Sunday, January 8, 2012
Plaque With Laurel by M. Barnard Eldershaw (1937)
For a novel which is quite so forgotten to be quite so good seems a crime. I'm guessing the reasons why: one would be that this work is counter-intuitive as far as expectations of Australian literature of the 1930s goes. It isn't larrikin-like, it isn't easy-going, it isn't cheerfully everyday, or historically so. It is astonishingly poetic, philosophically commanding, serious in intent, and modern. Marjorie Barnard and Flora Eldershaw really are unsung heroines, but it can be understood that this novel is very unpromising in summary: it's a novel about a writers' conference in Canberra in the 30s!

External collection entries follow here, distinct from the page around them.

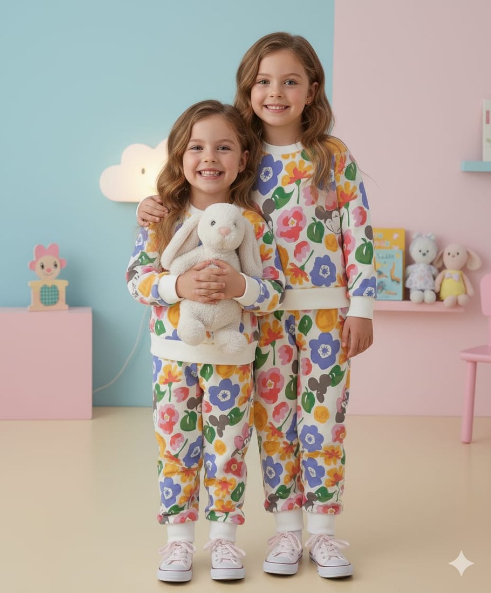 HER YERİ ÇİÇEKLİ KIZ TAKIM Beyaz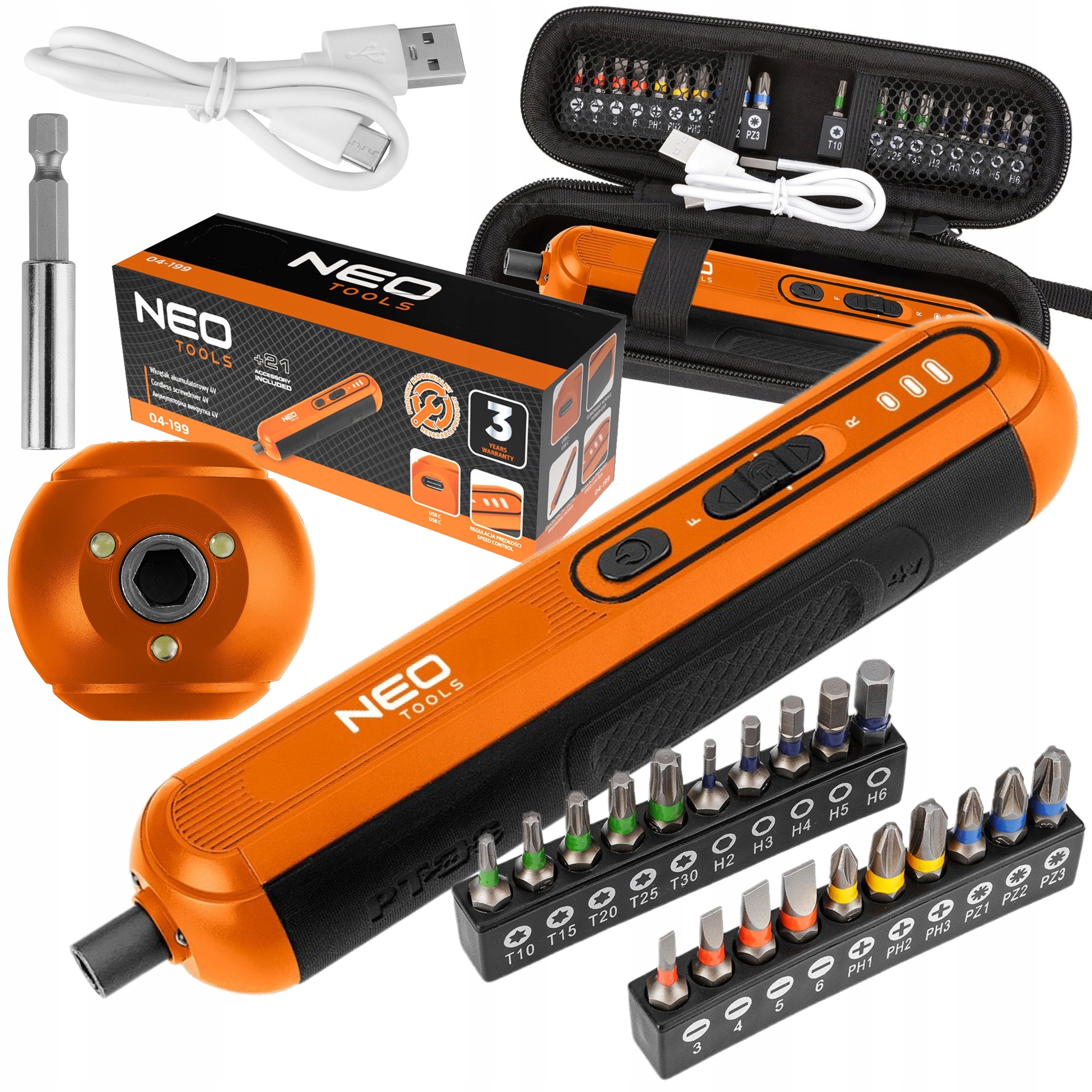 NEO ZESTAW WKRĘTAK AKUMULATOROWY 4V LI-ION LED USB-C +20el BITY ETUI 04-199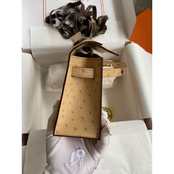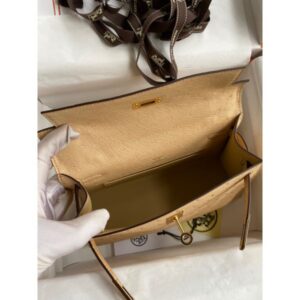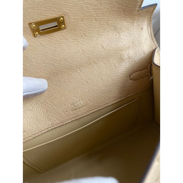 Hermes Kelly Pochette Handmade Bag In Chai Ostrich Leather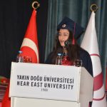 Konuşmanın ardından yabancı öğrenciler adına da dönem mezunu Raşha TARBUSH; Türkçe, Arapça ve İngilizce olarak gerçekleştirdiği konuşmasında kısaca; ikinci vatanım dediği KKTC’de olmaktan çok mutlu olduğunu Üniversiteye, Fakülteye, hocalarına, arkadaşlarına çokşey borçlu olduğunu belirtti. Üniversitede artık bir çalışan olarak yaşlamak istediğini belirtti.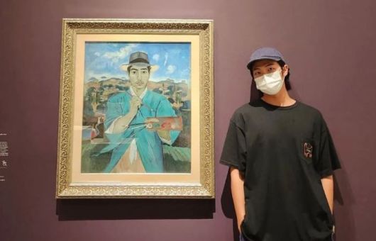 2022년 9월, 미국 LA 카운티미술관에서 열린 전시회에 방문한 BTS 멤버 RM이 ‘두루마기를 입은 자화상’ 옆에서 포즈를 취하고 있다. |

The rich portrait of a couple of dozen denizens of the Hotel Australasia, their interplay, personal histories, attacks on one another, love for others, insecurities, thoughtless and preening confidence, political jockeying, moments together and apart of joy and desperation, really gives the lie to the notion that any scenario can be fundamentally dull - all it takes is brilliance to illuminate it. And these two have that. It can be said that there are too many characters; some of the lesser ones meld together a little. It can also be said that the coolness of the nevertheless fecund, inquiring imaginations at work here could be another factor which mitigated against stronger popularity. But strong this definitely is.